“Eu já disse que a capacidade de nos surpreendermos é a única coisa de que precisamos para nos tornarmos bons filósofos? Se não o disse, digo-o agora: A CAPACIDADE DE NOS SURPREENDERMOS É A ÚNICA COISA DE QUE PRECISAMOS PARA NOS TORNARMOS BONS FILÓSOFOS.
Todas as crianças pequenas possuem essa capacidade, isso é óbvio. Com poucos meses de vida, começam a aperceber-se de uma realidade completamente nova. Mas quando crescem, esta capacidade parece diminuir. Qual será o motivo? (...).
Será a minha tarefa impedir que tu (...) te tornes uma daquelas pessoas para quem o mundo é evidente. (...)

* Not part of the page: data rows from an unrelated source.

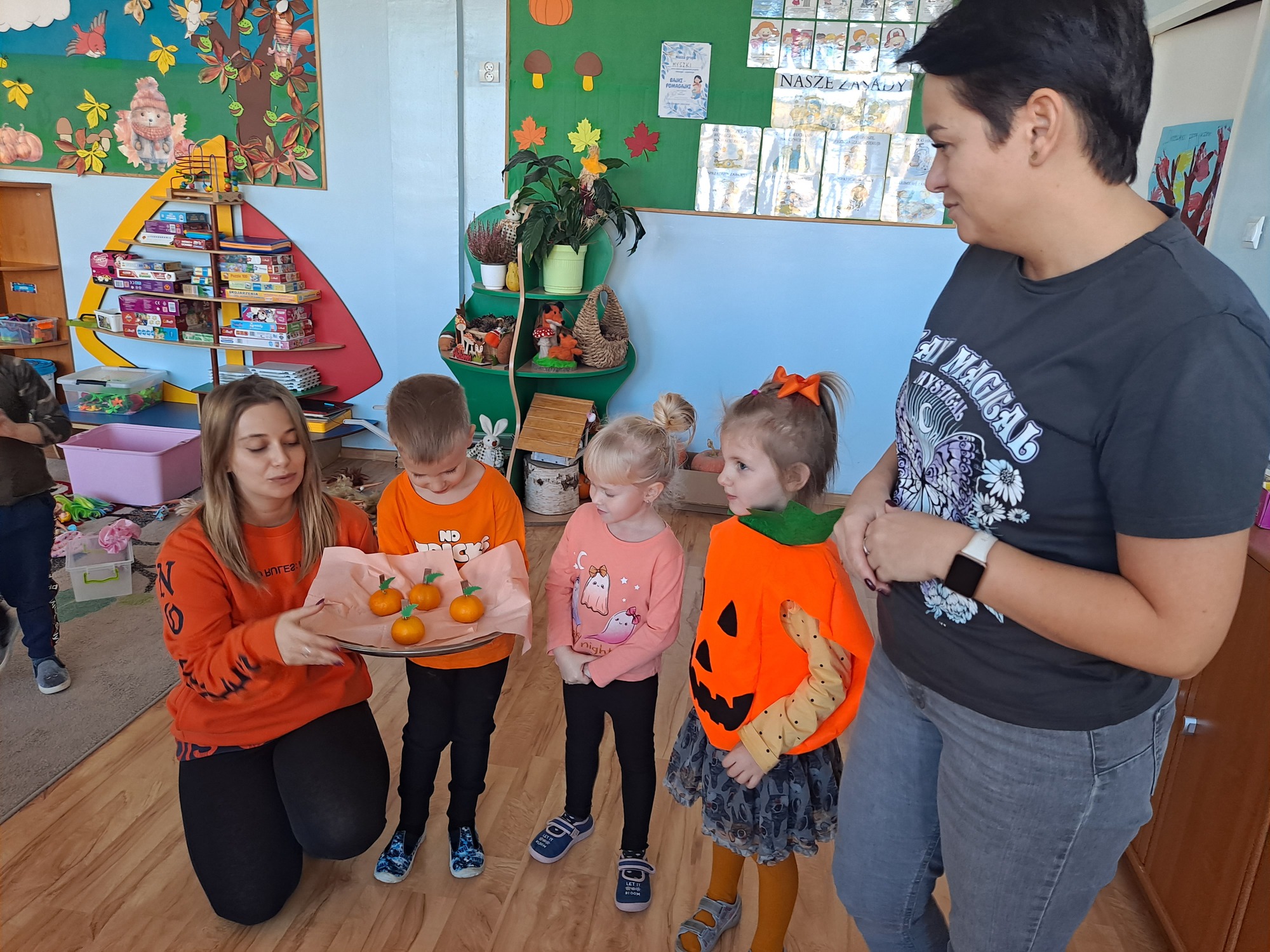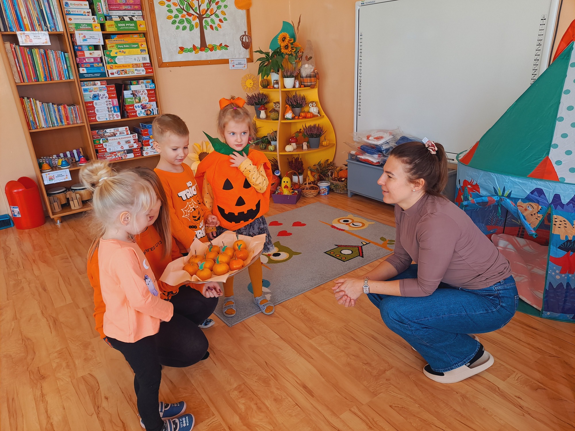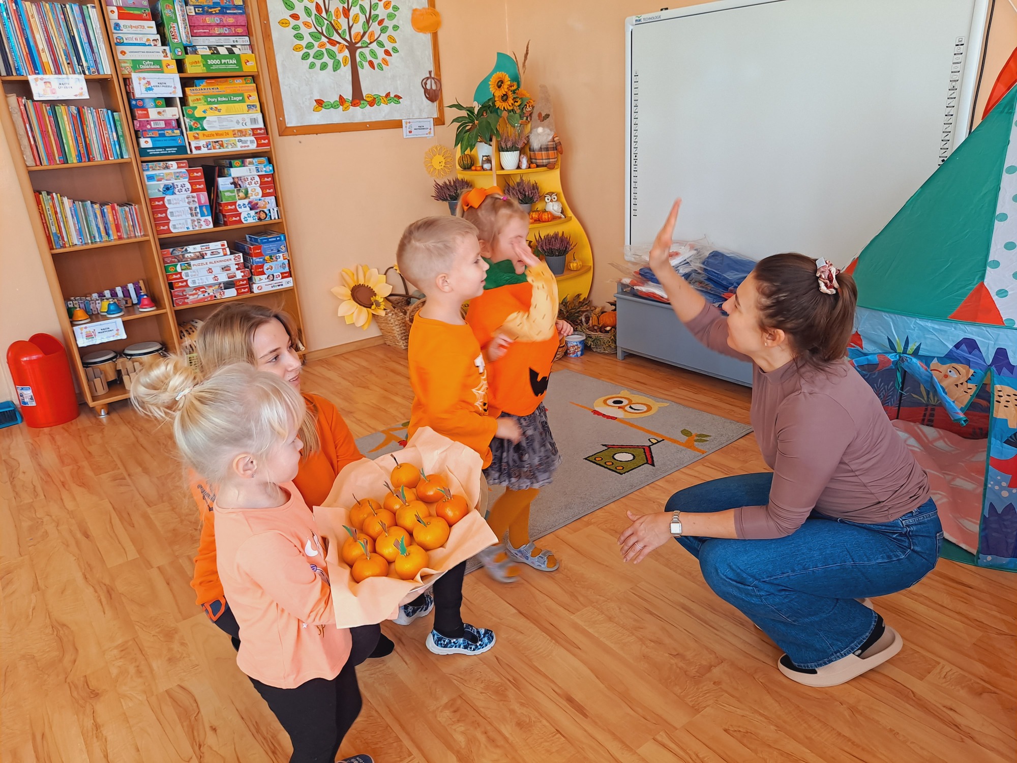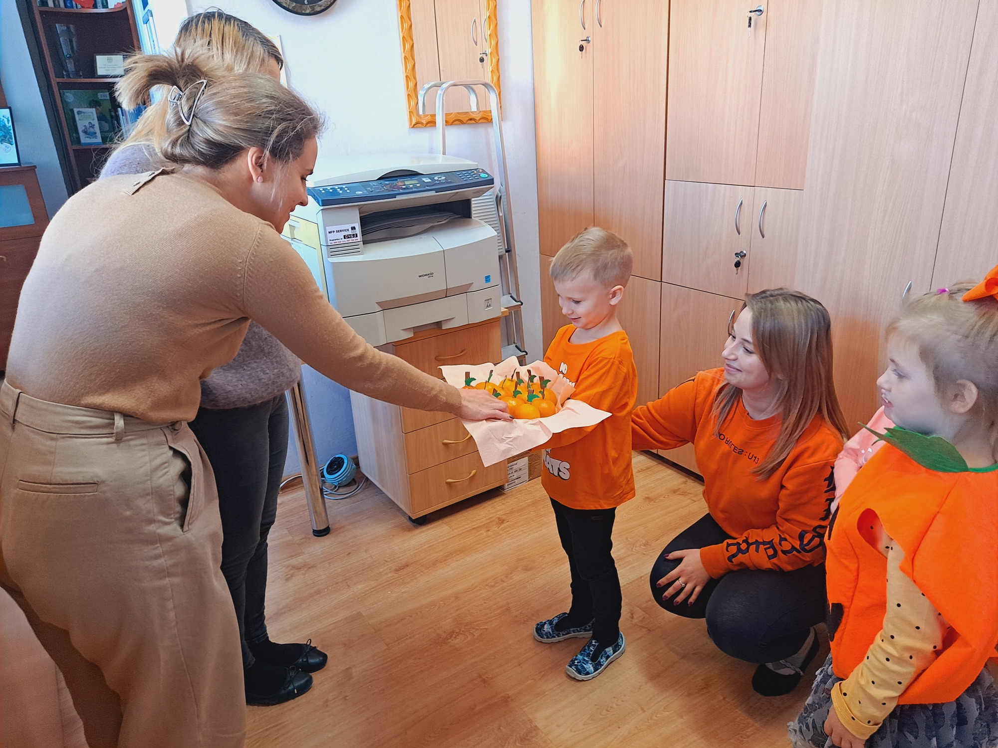 Dziś w naszym przedszkolu grupa „Pszczółek” świętowała Święto Dyni w wyjątkowy i pełen uśmiechu sposób. Dzieci, z wielkim zaangażowaniem i radością, wybrały się na spacer po przedszkolu, aby obdarować pracowników słodkimi „dyniami” – mandarynkami ozdobionymi tak, aby przypominały małe, jesienne dynie.
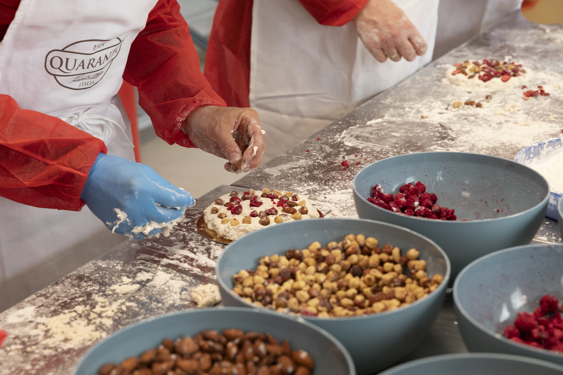 The story of the Quaranta family’s nougat begins in Caravaggio in 1924, birthplace of the famous painter Michelangelo Merisi, known as “Il Caravaggio”. The founder Antonio Quaranta, together with his wife Alzira, was a passionate artisanal producer of typical traditional Italian nougat and other typical, traditional sweets including, brittle and caramelized nuts. A small laboratory in the heart of Caravaggio was the place that gave birth to the recipe book reporting precise details on amounts and ingredients, some of which are still used in production nowadays: after 100 years, our original "White nougat 101" almond soft nougat’s recipe has never changed.
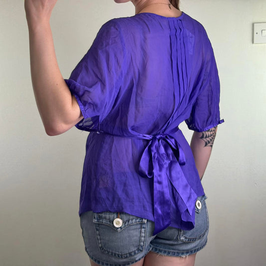 Y2K vintage silk flowy sheer blouse short sleeve v neck floral beaded tie bow
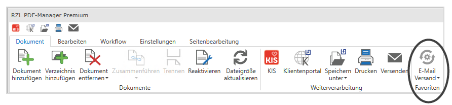 Wenn Sie die Option Zu Favoriten hinzufügen wählen, wird dieser Workflow auf der Startleiste des RZL PDF-Managers (Registerblatt Dokument) angezeigt und kann auch gleich von dort gestartet werden.
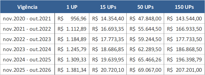 A Unidade Previdenciária (UP) é um valor em R$ usado em alguns cálculos de benefícios da Fundação.
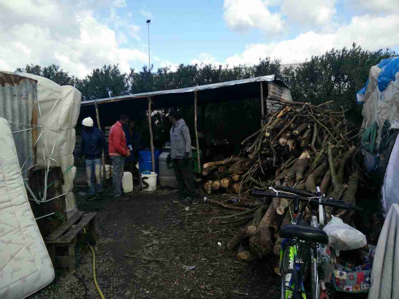 Ancora più precarie del loro lavoro, sono le condizioni in cui sono costretti a vivere. Molti di loro dormono su un materasso o direttamente sul pavimento di una tenda. I bagni dei quali usufruiscono sono latrine scavate nella terra. In tutto il campo ci sono cinque locali adibiti a servizi igienici, in ognuno di essi sono presenti due docce. Dieci docce, quindi, per soddisfare le esigenze igieniche quotidiane di oltre duemila persone. Solitamente, allora, ci si lava con acqua riscaldata in bidoni di lamiera così come si cucina su fuochi improvvisati o con fornelli a gas in tende e baracche. Superfluo aggiungere che non esiste un servizio di pulizia dell’area o, più banalmente, di raccolta dei rifiuti. Con quello che ne consegue in termini di rischio per la salute.

Aparentemente, perdemos durante a nossa infância a capacidade de nos surpreendermos com o mundo. Mas com isso, perdemos algo essencial – algo que os filósofos querem reavivar. Porque em nós algo nos diz que a vida é um grande mistério. Já tivemos essa sensação muito antes de termos aprendido a pensar nisso.
Vou ser mais preciso: apesar de todas as questões filosóficas dizerem respeito a todos os homens, nem todos os homens se tornam filósofos. Por diversos motivos, a maior parte está presa de tal forma ao quotidiano que o espanto perante a vida é muito escasso. (...).
Para as crianças, o mundo – e tudo o que existe nele – é uma coisa nova, uma coisa que provoca estupefacção. Os adultos não o vêem assim. A maior parte dos adultos vê o mundo como qualquer coisa completamente normal.
Os filósofos constituem uma excepção notável. Um filósofo nunca se conseguiu habituar completamente ao mundo. Para um filósofo ou para uma filósofa o mundo é ainda imcompreensível, inclusivamente enigmático e misterioso. Os filósofos e as crianças pequenas possuem uma importante qualidade em comum. Podes dizer que um filósofo permace durante toda a sua vida tão capaz de se surpreender como uma criança pequena.
E agora tens que te decidir, (...): és uma criança que ainda não se habituou ao mundo? Ou és um(a) filósofo(a) que pode jurar que isso nunca lhe acontecerá?
Se abanas a cabeça e não te sentes nem como criança nem como filósofo(a), é porque te acostumaste tão bem ao mundo que este já não te surpreende. Nesse caso o perigo está eminente. Por isso te ofereço este curso de filosofia, para prevenir. Não quero que tu pertenças à categoria dos apáticos e dos indiferentes. Quero que vivas a tua vida de modo consciente.”